The Forest Unseen ~ 30 Day Meditation Wrap-up

Throughout the 30 Day Meditation Challenge I was reading a wonderful book, The Forest Unseen ~ A Year's Watch in Nature. This book is a cross between meditation and biology. It was not a book to hog down like The Hunger Games. Rather, it was to be taken in small sips, savored and let to bubble inside.

The author, David Haskell uses the idea of a Tibetan mandala, in this case a patch of old-growth Tennessee forest, as a window into the natural world. He committed to visiting this mandala, as often as he could, for one whole year. As I read, I was continually delighted with both the learning I was gaining through his knowledge of the natural world, and with his obvious connection to meditation / yogic philosophy. And, I am amazed at his perseverance; committing to sit every day for 30 days seemed like something - but committing to sit for a year? Wow.

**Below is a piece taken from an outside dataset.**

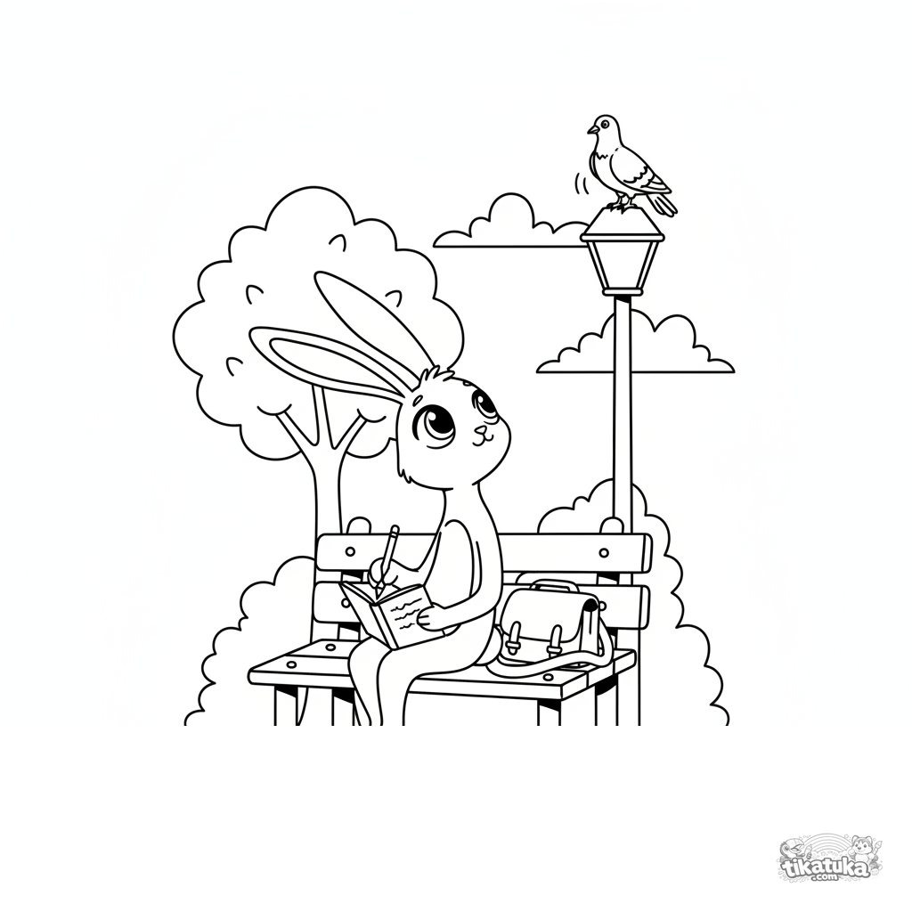 Ausmalbild für 7-9 Jahre: Ein künstlerischer Hase sitzt auf einer Parkbank und zeichnet. Dynamische Pose, Umhängetasche und Papierkugeln.

I would like to pass on one of the author's insights, a summing up of his year, based on his idea of taking a meditative stance while sitting in nature:

The interior quality of our minds is itself a great teacher of natural history. It is here that we learn that "nature" is not a separate place. We too are animals, primates with a rich ecological and evolutionary context. By paying attention, this inner animal can be watched at any time: our keen interest in fruits, meats, sugar and salt; our obsession with social hierarchies, clans and networks; our fascination with the aesthetics of human skin, hair, and bodily shapes; our incessant intellectual curiosity and ambition. Each one of us inhabits a storied mandala with as much complexity and depth as an old-growth forest. Even better, watching ourselves and watching the world are not in opposition; by observing the forest, I have come to see myself more clearly.
~ David Haskell

Lovely perspective. Is that not what we are each trying to do as we sit? We are looking to know ourselves better; to know our light and our shadow; to know ourselves as one with all.